Input material:
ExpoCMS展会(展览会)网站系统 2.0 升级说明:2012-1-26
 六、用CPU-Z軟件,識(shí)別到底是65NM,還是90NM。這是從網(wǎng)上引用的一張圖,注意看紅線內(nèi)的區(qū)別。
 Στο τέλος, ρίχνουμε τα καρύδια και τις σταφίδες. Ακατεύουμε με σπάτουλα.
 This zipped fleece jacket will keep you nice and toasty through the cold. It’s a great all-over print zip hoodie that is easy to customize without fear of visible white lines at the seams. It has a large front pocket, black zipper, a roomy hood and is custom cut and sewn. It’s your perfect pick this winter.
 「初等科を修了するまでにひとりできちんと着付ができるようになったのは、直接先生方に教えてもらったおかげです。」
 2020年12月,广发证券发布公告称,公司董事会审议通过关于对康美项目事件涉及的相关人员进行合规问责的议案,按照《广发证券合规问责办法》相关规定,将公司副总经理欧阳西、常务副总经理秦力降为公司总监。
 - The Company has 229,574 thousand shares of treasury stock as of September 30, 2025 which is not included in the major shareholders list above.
---
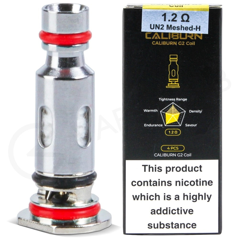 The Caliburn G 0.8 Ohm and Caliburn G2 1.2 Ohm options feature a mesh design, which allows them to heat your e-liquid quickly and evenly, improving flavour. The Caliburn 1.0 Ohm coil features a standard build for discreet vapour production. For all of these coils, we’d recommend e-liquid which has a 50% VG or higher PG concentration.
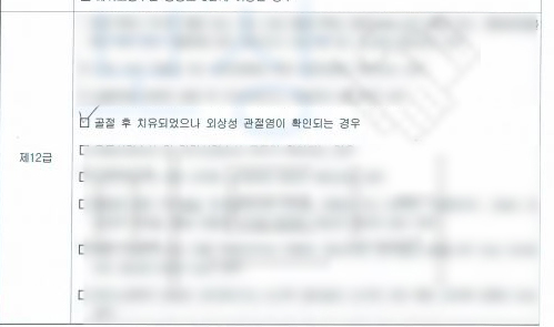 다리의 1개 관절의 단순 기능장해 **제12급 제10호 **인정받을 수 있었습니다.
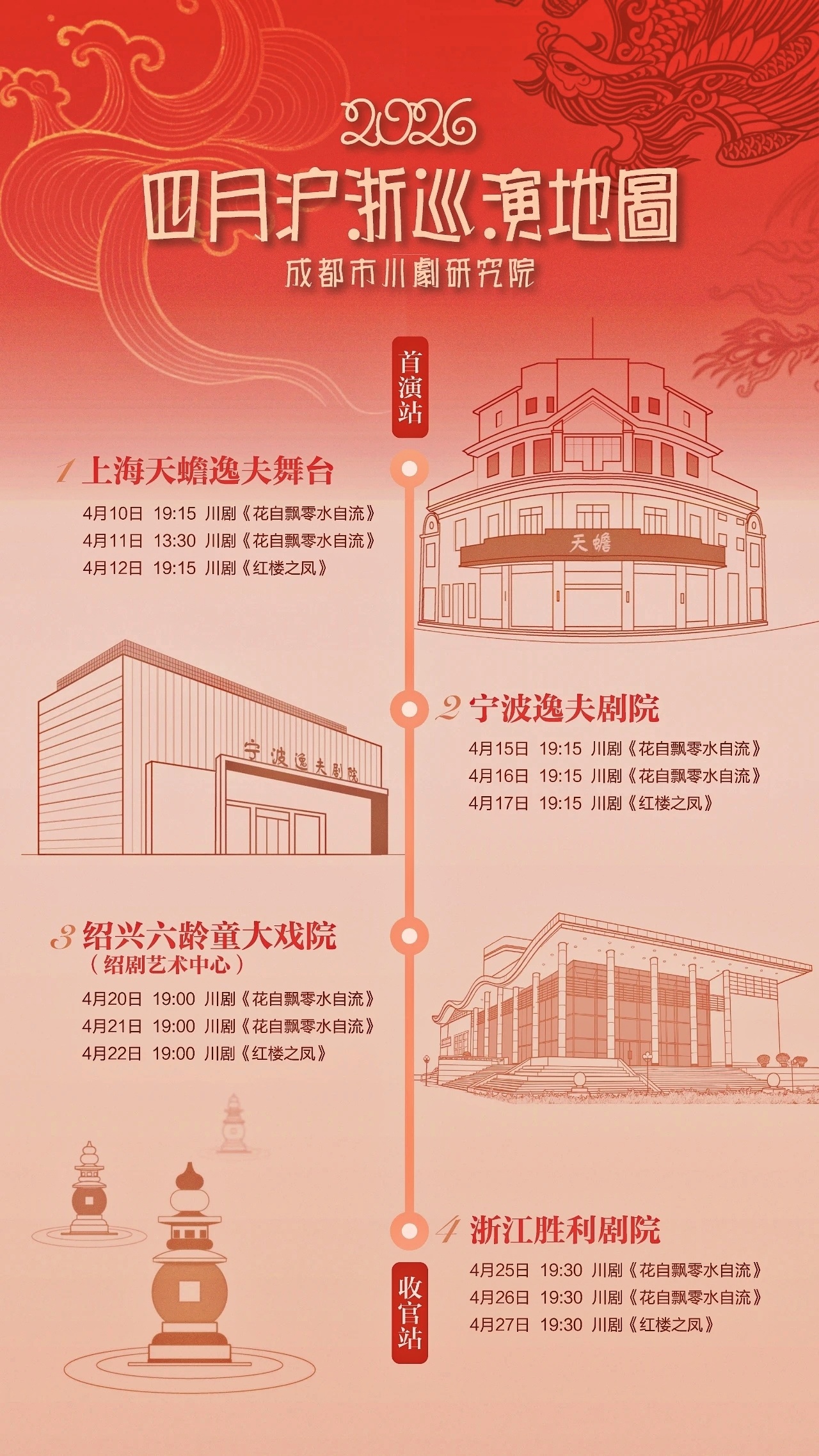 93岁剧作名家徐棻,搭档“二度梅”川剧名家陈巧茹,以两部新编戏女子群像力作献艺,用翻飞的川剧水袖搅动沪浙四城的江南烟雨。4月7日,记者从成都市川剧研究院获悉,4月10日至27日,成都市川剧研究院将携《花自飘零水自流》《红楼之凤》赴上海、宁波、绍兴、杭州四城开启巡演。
---
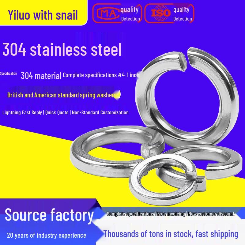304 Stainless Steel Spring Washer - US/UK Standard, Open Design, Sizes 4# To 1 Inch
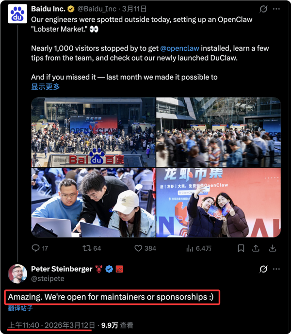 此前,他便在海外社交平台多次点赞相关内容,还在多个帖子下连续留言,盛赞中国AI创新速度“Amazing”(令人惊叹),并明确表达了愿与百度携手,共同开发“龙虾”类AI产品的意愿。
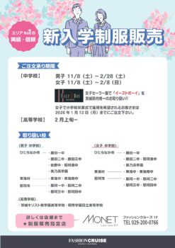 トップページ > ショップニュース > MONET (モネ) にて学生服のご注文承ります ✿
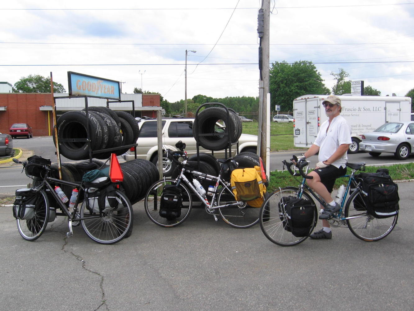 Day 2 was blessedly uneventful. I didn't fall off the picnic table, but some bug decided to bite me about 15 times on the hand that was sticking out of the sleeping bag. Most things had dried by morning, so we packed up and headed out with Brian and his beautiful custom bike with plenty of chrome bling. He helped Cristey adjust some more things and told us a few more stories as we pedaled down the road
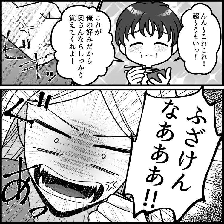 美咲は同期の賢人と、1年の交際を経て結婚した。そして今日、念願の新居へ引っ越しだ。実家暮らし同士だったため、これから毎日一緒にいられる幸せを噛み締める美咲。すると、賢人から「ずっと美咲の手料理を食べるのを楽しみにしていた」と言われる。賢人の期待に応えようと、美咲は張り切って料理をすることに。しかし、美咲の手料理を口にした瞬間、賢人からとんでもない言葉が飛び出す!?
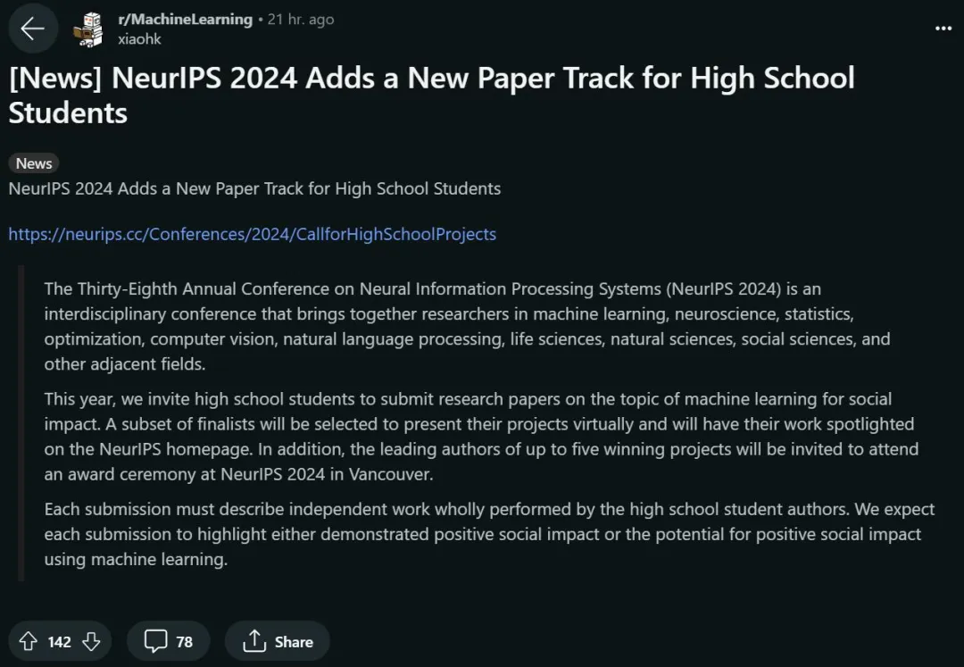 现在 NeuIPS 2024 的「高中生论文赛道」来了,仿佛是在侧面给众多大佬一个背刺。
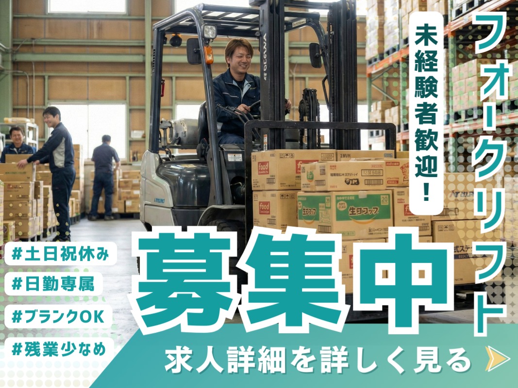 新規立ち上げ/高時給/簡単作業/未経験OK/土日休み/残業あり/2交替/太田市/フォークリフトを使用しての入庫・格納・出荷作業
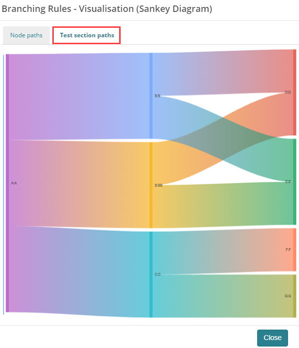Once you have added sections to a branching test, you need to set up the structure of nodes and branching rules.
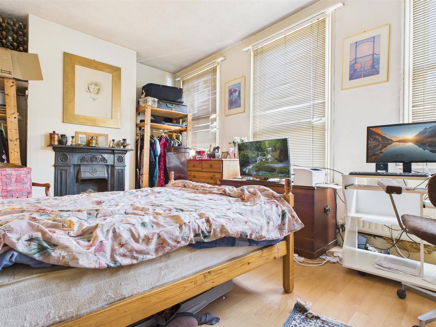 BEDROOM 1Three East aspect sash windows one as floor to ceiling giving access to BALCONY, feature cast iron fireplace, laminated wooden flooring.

Exercise requirements: Within the material above, output exactly the lines from the one with "ExpoCMS展会(展览会)网站系统 2.0 升级说明:2012-1-26" through the one with "Στο τέλος, ρίχνουμε", end lines included, and nothing besides.

Answer for this exercise:
ExpoCMS展会(展览会)网站系统 2.0 升级说明:2012-1-26
 六、用CPU-Z軟件,識(shí)別到底是65NM,還是90NM。這是從網(wǎng)上引用的一張圖,注意看紅線內(nèi)的區(qū)別。
 Στο τέλος, ρίχνουμε τα καρύδια και τις σταφίδες. Ακατεύουμε με σπάτουλα.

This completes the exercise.